Observas a los pájaros como una antigua sibila. Te preguntas cuántos de estos augurios figuran en
tus pinturas -esa es tu duda. Convertir el lienzo en un oráculo. Cubrirlo de signos que hablen el
mismo lenguaje que la Naturaleza. ¿Realmente, qué estamos presintiendo al enfrentar tus cuadros?

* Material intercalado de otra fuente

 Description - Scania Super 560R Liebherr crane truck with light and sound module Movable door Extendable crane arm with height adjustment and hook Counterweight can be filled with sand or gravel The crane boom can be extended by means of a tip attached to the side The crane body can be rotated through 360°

¿Qué mensaje se nos anuncia en esa lingua verte?… Lengua que no se aprende si uno mismo no es
aprehendido. Lengua que en vez de converger en un sentido último, se expande en lo múltiple. En
un tiempo fuera del tiempo, en el que el sentido se mantiene activamente incierto. Inexpresable si
no es a través de las cosas mismas. Percibimos, antes que nada, lo difícil que es pintar. La indecisión
frente al cuadro como una fricción constante de la que saltan chispas.

Secretos para pintar:


-Montar el bastidor, clavar la tela.
-Sumergir el lienzo en la niebla.
-Dejar que la humedad se condense.
-Dejar que aparezcan las flores de escarcha.

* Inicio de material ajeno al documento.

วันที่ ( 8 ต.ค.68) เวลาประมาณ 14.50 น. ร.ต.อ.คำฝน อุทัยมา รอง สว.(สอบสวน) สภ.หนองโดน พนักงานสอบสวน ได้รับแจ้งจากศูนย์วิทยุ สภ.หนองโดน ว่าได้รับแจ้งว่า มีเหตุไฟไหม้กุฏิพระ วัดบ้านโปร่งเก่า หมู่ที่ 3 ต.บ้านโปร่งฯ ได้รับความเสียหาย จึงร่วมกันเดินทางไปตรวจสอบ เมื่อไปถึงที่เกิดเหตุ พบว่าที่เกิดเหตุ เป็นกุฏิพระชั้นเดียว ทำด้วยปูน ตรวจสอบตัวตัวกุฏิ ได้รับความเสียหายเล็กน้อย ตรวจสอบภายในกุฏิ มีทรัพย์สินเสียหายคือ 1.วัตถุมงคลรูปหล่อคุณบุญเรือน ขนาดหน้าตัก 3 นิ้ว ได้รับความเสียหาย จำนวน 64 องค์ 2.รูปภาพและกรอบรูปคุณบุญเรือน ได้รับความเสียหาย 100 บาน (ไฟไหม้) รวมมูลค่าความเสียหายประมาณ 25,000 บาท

-Petalear sin fin con el pincel, partiendo de una esquina.
-Racimear en el aire, llegando a rozar a veces la superficie del lienzo.
-Pintar despintando.
-Manchar lavando, hasta restablecer con la pintura la presencia inmaculada de la tela.
-Girar el cuadro 90 grados.
-Esperar leyendo en busca del tiempo perdido.

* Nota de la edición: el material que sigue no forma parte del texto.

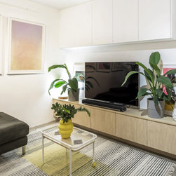 Now, the first thing you see when entering the space, is a beautiful, curved timber TV unit surrounded by artwork, instead of dull, plain walls with random furniture and décor.
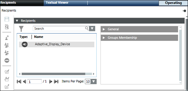 When selecting a recipient device in the Recipients expander, the details of the corresponding recipient device display as follows:

-Abrir la lata del negro y asomarse a su abismo.
-Ver la propia vida pasar como hojas cayendo.
-Trazar y encontrar, al mismo tiempo, formas distintas de tachar lo trazado.
-Sentir que existe una correspondencia entre esa re-escritura y el devenir de la Naturaleza.
-Pintar con tintura de Giobert, por el puro placer del palimpsesto -¡qué miedo!
-Aplicar el color por su musicalidad: el negro niega, el verde arde, el rosa besa, el azul claro asciende
como un chorro invertido.
-Pintar pensando que el cuadro es una partitura.
-Voltear nuevamente 90 grados y dejar que lo claro penetre en lo oscuro sin mezclarse.
-Guardar silencio y celebrar esa belleza que se hace sola por el lento escurrir de la pintura.
-Esperar leyendo la evolución de las especies.
-Empapar el cuadro con el aqua vitae para transmutar su plomo en sabiduría.
-Separar y volver a unir, construyendo espacios exfoliables, tomando como modelo un bloque de
mica.
-Respetar la naturaleza fluida de la pintura. Su rápida absorción y su lenta oxidación.
-De noche, volver a dejar el cuadro expuesto a la intemperie, extendido sobre la hierba, para que se
vaya empapando del plateado rocío.
-Girar 90 grados
-Concentrar el cielo en una gota de pintura y aplicarla en el lugar preciso.
-Abrir al azar un bote de pintura, empapar la brocha y restregar tachando hasta que se agote su
carga.
-Si alguna de tus manchas parece el contorno de un continente, cubrirla con pámpanos y palmeras.
-Recordar la estructura de la espuma de las olas y bosquejar a su imagen un cortinaje, con sus
flecos, borlas y ribetes.
-Abrirse camino con la imaginación y situarse al otro lado del telón.
-Intentar transmitir formalmente la sensación viscosa de paso del tiempo -tal y como afirma
Brodsky a propósito de la poesía de Mandelstam.
-Dar por terminada la sesión en el momento en que el diablo se haya ido.